The labor camps—in fact concentration camps using Jewish and non-Jewish forced labor, such as, over time, Amersfoort, Vught (near ’s-Hertogenbosch), as well as smaller camps—were mainly staffed by Dutch Nazis who often outdid the Germans in sheer sadism. Westerbork (from July 1942 on, the main transit camp to Auschwitz, Sobibor, Bergen Belsen, and Theresienstadt) had been a camp for a few hundred German Jewish refugees since the beginning of the war; by 1942 they had become “old-timers” and de facto ruled the camp under the supervision of a German commandant. In early 1942 transports of foreign Jews were increasingly sent to Westerbork, while Dutch Jews from the provinces were being concentrated in Amsterdam. Dutch police supervised the transfer operations and access to vacated Jewish homes.
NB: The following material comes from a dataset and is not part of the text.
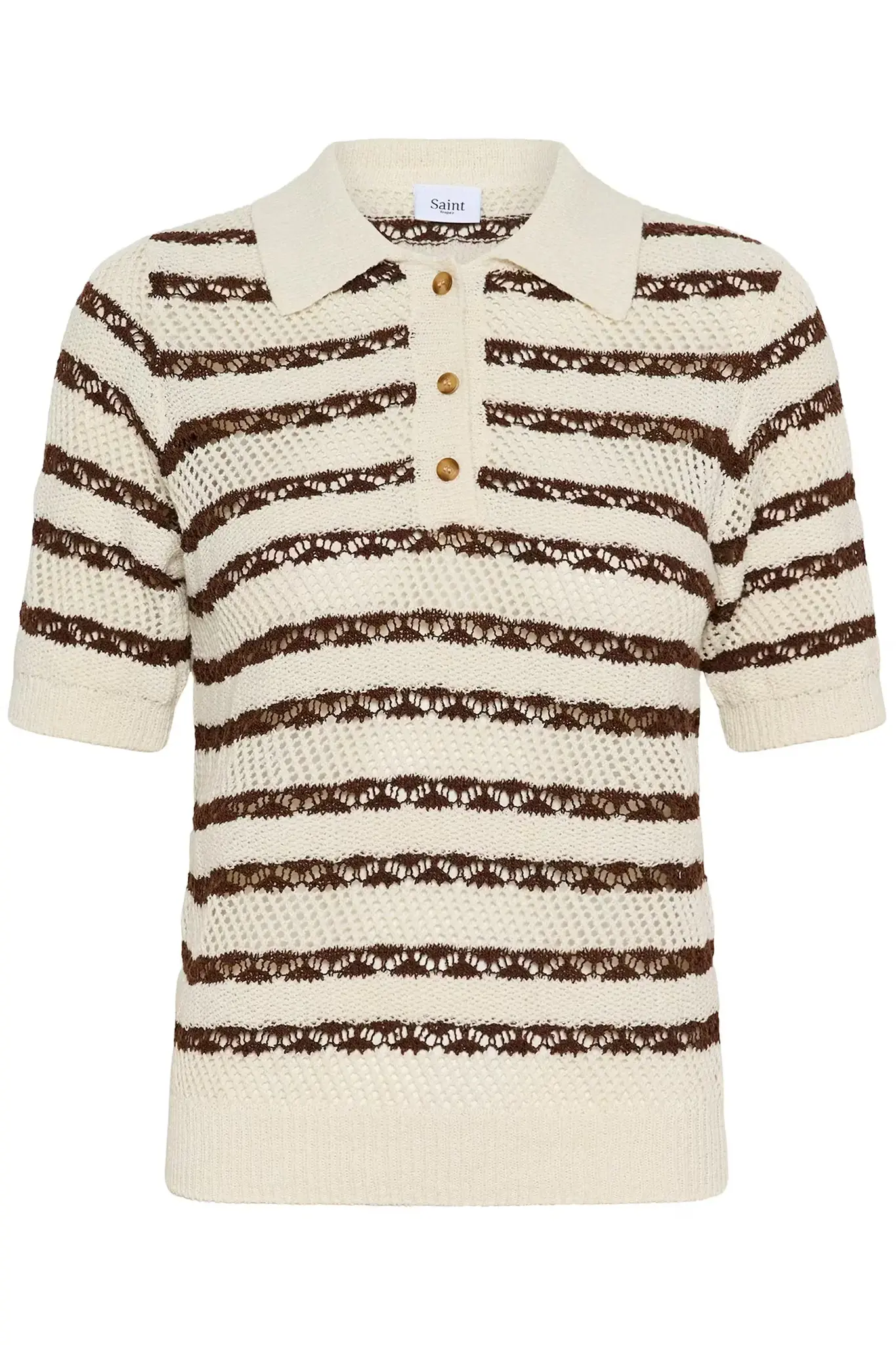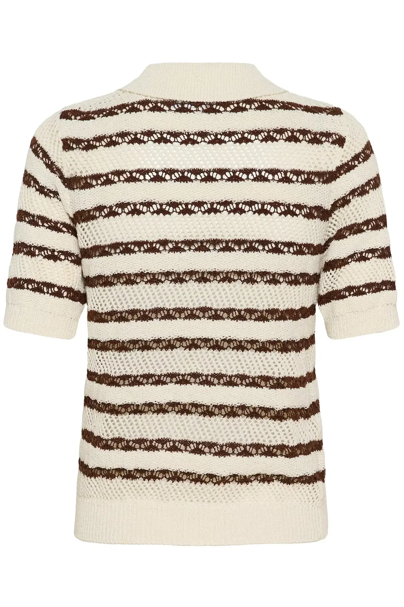 Knit polo shirt featuring a straight silhouette and short sleeves. Openwork horizontal stripes add texture. Finished with a flat collar, ribbed hem, and a front placket with four buttons.

The Germans dutifully registered furniture and household objects, which
Einsatzstab
Rosenberg then carted off to the Reich. During the same months a Dutch equivalent of the Nuremberg laws, prohibiting marriage between Jews and non-Jews (among other things), became mandatory.
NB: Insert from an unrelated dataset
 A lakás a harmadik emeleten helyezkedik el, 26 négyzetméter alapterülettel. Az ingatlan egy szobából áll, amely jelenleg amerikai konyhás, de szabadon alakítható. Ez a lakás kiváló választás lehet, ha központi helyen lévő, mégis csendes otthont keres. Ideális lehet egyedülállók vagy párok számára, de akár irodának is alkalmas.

All of this still remained less important for Etty Hillesum than her intense love affair with a German Jewish refugee, Hans Spier, a spiritual guide of sorts and a highly idiosyncratic psychotherapist. The German measures did not spare her, of course. “Yesterday Lippmann and Rosenthal [to hand over assets],” she noted on April 15, 1942, “Robbed and hunted.”
168
Yet she perceived most of the measures through the prism of her emotions: “I am so glad that he [Spier] is a Jew and I am a Jewess,” she wrote on April 29. “And I shall do what I can to remain with him so that we get through these times together. And I shall tell him this evening: I am not really frightened of anything, I feel so strong; it matters little whether you have to sleep on a hard floor, or whether you are only allowed to walk through certain specified streets, and so on—these are only minor vexations, so insignificant compared with the infinite riches and possibilities we carry within us.”
169

On June 12 Etty’s notes dealt again with the everyday persecution: “And now Jews may no longer visit greengrocers’ shops, they will soon have to hand in their bicycles, they may no longer travel by train and they must be off the streets by 8 o’clock at night.”
170
On Saturday, June 20, less than a month before the beginning of the deportations from Amsterdam to Westerbork and from Westerbork to Auschwitz, Etty directed her thoughts to Jewish attitudes and responses: “Humiliation always involves two. The one who does the humiliating and the one who allows himself to be humiliated. If the second is missing, that is if the passive party is immune to humiliation, then the humiliation vanishes into thin air…. We Jews should remember that…they can’t do anything to us, they really can’t. They can harass us, they can rob us of our material goods, of our freedom of movement, but we ourselves forfeit our greatest assets by our misguided compliance. By our feelings of being persecuted, humiliated and oppressed…. Our greatest injury is one we inflict upon ourselves.”